The Tigers fully recognize they have struggled offensively against soft-tossing right-handed pitching.
"You have to understand what's happening and what you are seeing is what we are seeing," hitting coach Wally Joyner said. "We are addressing it."
Mike Pelfrey, Jeremy Guthrie, Kyle Gibson, Ricky Nolasco, Mike Fiers, Masahiro Tanaka, Chris Young (twice), Lance Lynn, Jimmy Nelson and Kyle Lohse – all right-handers known more for the off-speed and breaking pitches than their velocity – have limited the Tigers to two runs or less this season.
"Chris Young is different," J.D. Martinez said. "He's got that Chris Young Effect, throwing that high thing (from a 6-feet-10 arm slot). But it's hard to say that (the Tigers struggle against soft-throwing righties). You just go through periods where sometimes you hit them well and other times you don't.

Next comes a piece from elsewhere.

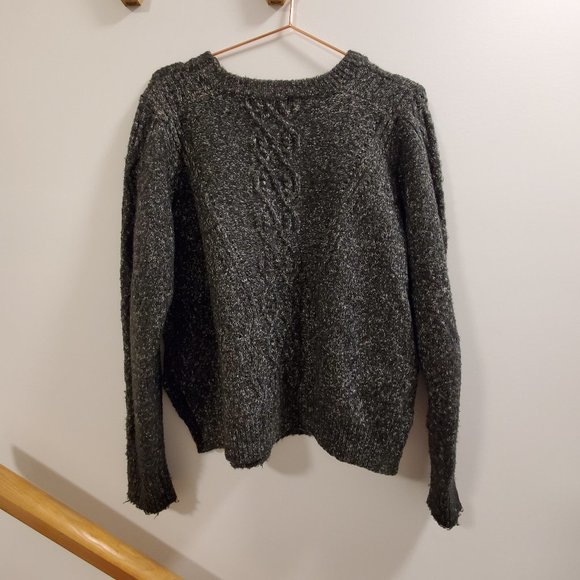Warm, cozy sweater. Worn quite a bit but still has lots of life left in it. Some yellowing on the tag.

"I remember last year there was a stretch where we couldn't hit soft-tossing lefties, but when we faced Corey Kluber we hit him hard. But a guy who throws just soft, soft, soft, he ruins us."
Joyner, as good coaches have to do, is walking that line between addressing the problem and not overreacting to the point where other parts of the offensive game suffer.
"Overall we are struggling a little bit in our ability to score runs this year," Joyner said. "Is it due to soft-tossing right-handers? I hope not. I think it's just a situation that's happened. If we have some soft-tossing right-handers coming up, I will take our chances."
The Tigers were to face another Thursday in Houston's Scott Feldman, a pitcher the Tigers have crushed over his career.
"I think we see them pretty good," Joyner said. "I think at times it's baseball, where the balls you hit hard are caught. Miggy (Cabrera) over the last three or four weeks has hit some balls hard that have been run down and he doesn't have anything to show for it.
"I don't believe there are guys in this locker room that don't enjoy hitting soft-tossing right-handers."
Martinez believes the team's recent offensive struggles – they've been limited to two runs or less in 19 games – go beyond soft-throwing right-handed pitchers.
"I think it's more than just a particular pitcher," he said. "I feel like in some situations guys are pressing a little too hard, trying to make it happen. When we are good, we're out there having fun, almost like the pressure isn't on us, it's on them."
That hasn't been the case too often yet this season. Joyner, meanwhile, is being proactive. He is having right-handed hitters track curveballs and off-speed pitches during cage work.
"We get our work in," he said. "I think it's useful. Seeing an off-speed pitch out of a machine on occasion makes you do a lot of correct things that will get you back to what you're trying to do at the plate."